Michael Simon is President and CEO of Harry Fox Agency, the nation’s leading  provider of rights management solutions for the music industry. He is also a dogged researcher who left no stone unturned to pull together the family histories of his in-laws, David and Lili Khabie, Syrian Jews who first emigrated to Beirut, Lebanon, before making their way to the United States. Theirs was a long and winding road that included numerous twists and turns.

David’s family left Syria when he was six years old, and he tried to escape Beirut several times beginning in 1962. On one such occasion when he was 21-years old, he was part of a group of young men who planned to make it to Israel on a rubber raft in the middle of the night. They were forced to abandon the effort at the last minute when they heard Lebanese soldiers talking on the beach. The next morning he had to explain the farewell note he left for his parents to the authorities.

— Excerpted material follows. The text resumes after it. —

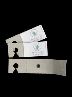 ♦ geliefert werden parasitierte Larven der weißen Fliege, aufgeklebt auf Pappkärtchen (10 Stück).

After the Six Day War in 1967, it was a particularly dangerous time to be a Jew living in an Arab country. Newly married, David tried to emigrate to America only to have his hopes inexplicably dashed by the U.S. embassy over and over. Without knowing English, he somehow managed to secure a sponsor in Minneapolis, MN, who offered him a job and he was finally able to bring his wife and year-old son to America.

Michael began documenting this dramatic story in 1998 with a series of taped interviews, not all of which were recorded but provided leads to documents that he needed to chase down. Though he had originally intended to distill the messy narrative into a crisp timeline, he eventually realized he had to let the interviews and original documents speak for themselves, and decided to turn the wealth of material he had gathered into a book that could be given to every member of the family.

Together with the art direction, the paper stock gives the interior an aged look that suggest the pages are original documents rather than digital images of them. The book also has a couple of special features: One of the leaves has a fold-out page that accommodates a very detailed illustrated family tree, and there are pages in the back that hold four CDs of Simon’s taped interviews of his in-laws so future generations of the family could hear them tell their story in their own words.

We designed the book cover, the images in the book, the page layout, the images on the CDs and the family tree.

The first print run of 50 copies was reserved for family and close friends, but Michael is thinking of providing copies to the Museum of Jewish Heritage and other similar institutions.